Over the years women from different countries have migrated to the country and worked as prostitutes. In the 1960s it was women from Haiti, Dominican women followed in the 1970s. In the early 1990s, Latin American women from Costa Rica, Venezuela, Colombia and Brazil came to the island. Later in that decade Asian, Jamaican and Guyanese prostitutes arrived. Currently most prostitutes are from Haiti, Dominican Republic, Trinidad and Jamaica.

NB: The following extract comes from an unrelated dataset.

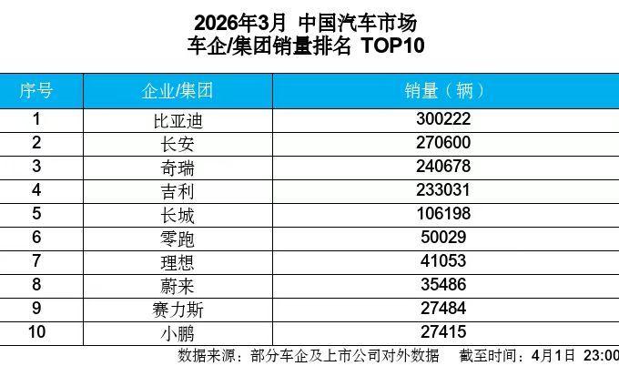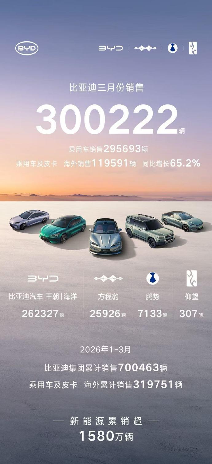 最近各大车企的3月销量都出来了,比亚迪是真的杀疯了,妥妥的断层领先!不管是吉利、奇瑞,还是鸿蒙智行、蔚来这些牌子,都没干过它。 3月份比亚迪直接卖了300222辆车,稳稳拿下中国车企单月销冠,更厉害的是,今年前三个月,它的新能源车一共卖了700463辆,一季度新能源销冠也被它收入囊中,这双冠王可是实打实的,一点水分没有。 它能卖这么好,说白了就是车够全,不管你想要啥样的都有。宋家族一个月快卖7万辆,元UP也卖了快2.4万辆,都是大街上常见的热门款。走硬派越野的方程豹,一个月也卖了2.5万多辆,比去年同期翻了两倍多。海外市场也超猛,3月就出口了快12万辆,涨得飞快。 能一直领先,关键还是技术硬。3月刚出的第二代刀片电池和闪充技术,充电速度贼快,彻底解决了大家充电慢的烦恼,智能驾驶也越来越普及。这么看来,比亚迪的双冠王真不是偶然,靠实力站稳了脚跟,也给整个新能源汽车行业树立了新标杆。

Despite laws prohibiting soliciting, street prostitution still exists, especially in the Quartier-d'Orleans.

===Saint Pierre and Miquelon===
This group of small islands off the coast of Canada is the only remaining French territory in the former New France. Siegfried Borelli and Willy Starck found no evidence of prostitution on the islands.

===Wallis and Futuna===
Uvea (Wallis Island), became a place where whalers would stop to take on fresh provisions in the 19th century. The women of the island engaged in prostitution with the sailors. In 1870, Amelia Tokagahahau Aliki Queen of Uvea, approved a new legal code written by French missionary Pierre Bataillon. The code included fines for prostitution. The islands of Uvea, Futuna and Sigave became a French protectorate in 1889 and French law came into force.

Whilst the three kings of the islands, assisted by a prime minister and a ‘chefferie’, have limited powers to legislate on local matters, the laws of France are applicable in the country. These include the laws on prostitution, e.g. prohibition of purchasing sex, solicitation, pimping and brothels.

==Overseas territory==
There is one Overseas territory.

===French Southern and Antarctic Lands===
The French Southern and Antarctic Lands consist of small islands off the coast of Madagascar, small isolated islands in the south Indian Ocean and France's claim in Antarctica. The islands are uninhabited, or sparsely inhabited (total population 150 in summer, 300 in winter), so there is no known prostitution.

==Special status==

===New Caledonia===
Following the 1998 Nouméa Accord, the islands of New Caledonia are moving from an overseas collectivity to a self-governing nation. On 12 December 2016, the government added the French Law of June 2016 that criminalised the purchasers of sex to its Penal Code. Related activities such as brothel-keeping and proxenetism have been illegal since 1946.

In May 1940, the French Army brought a large house in the capital Nouméa. They leased it to a Mme Benitier to set up a brothel. This was recognised as a "maison de tolérance" and known as The Pink House. The house became popular with American troops during their build up in the country in 1942/3. American military police and medics were on duty at the house to keep order and prevent the spread of STIs.

===Clipperton Island===
Clipperton Island, off the coast of Mexico, is uninhabited so no prostitution occurs.